Evaluating the Controversy between Free Trade and Protectionism
This chapter argues for economic free trade through the lens of trade theory. While free trade may not be optimal, many consider it to be the most pragmatic policy option for a country. During the 19th and 20th centuries, policymakers asked whether free trade was in everyone's best interest. The modern case for free trade argues that government intervention in trade is impractical. Free trade is not always the best policy choice when the objective is to maximize national welfare. Free trade is pragmatically, rather than technically, optimal because it is attainable and most likely to produce the highest level of economic efficiency.
Introduction
Learning Objective
- Understand the basis for the modern support for free trade among economists.
For
hundreds of years, at least since Adam Smith's publication of The
Wealth of Nations, the majority of economists have been strong
supporters of free trade among nations. Paul Krugman once wrote that if
there were an economist's creed, it would surely contain the
affirmation, "I advocate free trade".
The
original arguments for free trade began to supplant mercantilist views
in the early to mid-eighteenth century. Many of these original ideas
were based on simple exchange or production models that suggested that
free trade would be in everyone's best interests and surely in the
national interest. During the nineteenth and twentieth centuries,
however, a series of objections were raised suggesting that free trade
was not in everyone's interest and perhaps was not even in the national
interest. The most prominent of these arguments included the infant
industry argument, the terms of trade argument, arguments concerning
income redistribution, and more recently, strategic trade policy
arguments. Although each of these arguments might be thought of as
weakening the case for free trade, instead, each argument brought forth a
series of counterarguments that have acted to reassert the position of
free trade as a favored policy despite these objections. The most
important of these counterarguments include the potential for
retaliation, the theory of the second best, the likelihood of incomplete
or imperfect information, and the presence of lobbying in a democratic
system.
What remains today is a modern, sophisticated argument in
support of free trade among nations. It is an argument that recognizes
that there are numerous exceptions to the notion that free trade is in
everyone's best interests. The modern case for free trade does not
contend, however, that these exceptions are invalid or illogical.

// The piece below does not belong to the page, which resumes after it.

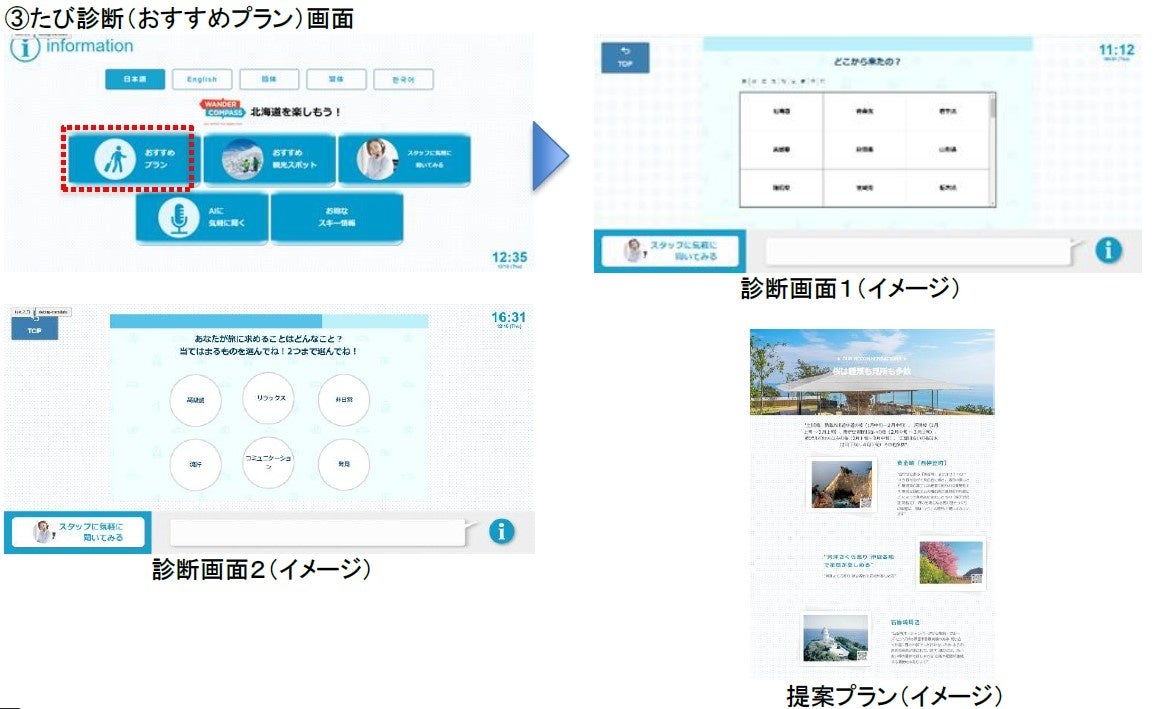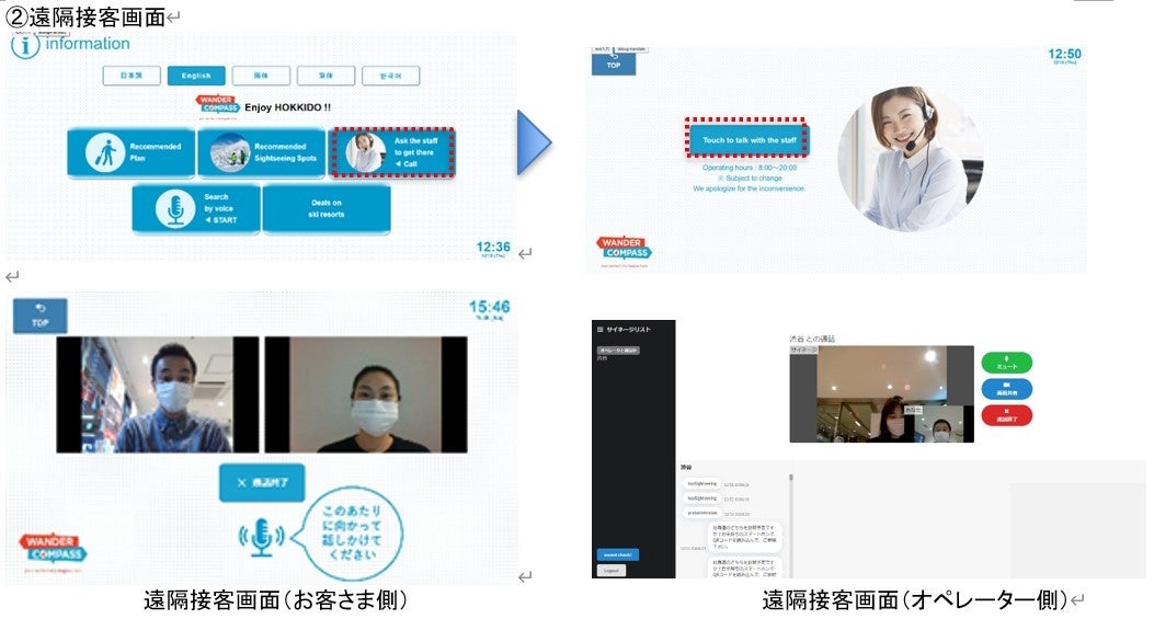 「WANDER COMPASS SHIBUYA」では本サービスの「たび診断」機能により、潜在的な顧客ニーズを把握しつつ、詳細な情報は新千歳空港外国人観光案内所のスタッフがリモートで接客をすることで、ローカルな生きた情報やニーズにあわせた観光提案を実施します。旅行客がこれから訪れる先の案内所スタッフと交流することにより、訪日外国人の満足度向上や行動変容を促せるかどうかの検証を行います。

Rather, it argues that each exception supporting government intervention
in the form of a trade policy brings with it additional implementation
problems that are likely to make the policy impractical.
Before
presenting the modern argument, however, it is worth deflecting some of
the criticisms that are sometimes leveled against the economic theory of
free trade. For example, the modern argument for free trade is not
based on a simplistic view that everyone benefits from free trade.
Indeed, trade theory, and experience in the real world, teaches us that
free trade, or trade liberalization, is likely to generate losers as
well as winners.
The modern argument for free trade is not based
on unrealistic assumptions that lead to unrealistic conclusions.
Although it is true that many assumptions contained within any given
trade model do not accurately reflect many realistic features of the
world, the modern argument for free trade is not based on the results
from any one model. Instead, the argument is based on a collection of
results from numerous trade models, which are interpreted in reference
to realistic situations. If one considers the collection of all trade
models jointly, it is much more difficult to contend that they miss
realistic features of the world. Trade theory (as a collection of
models) does consider imperfectly competitive markets, dynamic effects
of trade, externalities in production and consumption, imperfect
information, joint production, and many other realistic features.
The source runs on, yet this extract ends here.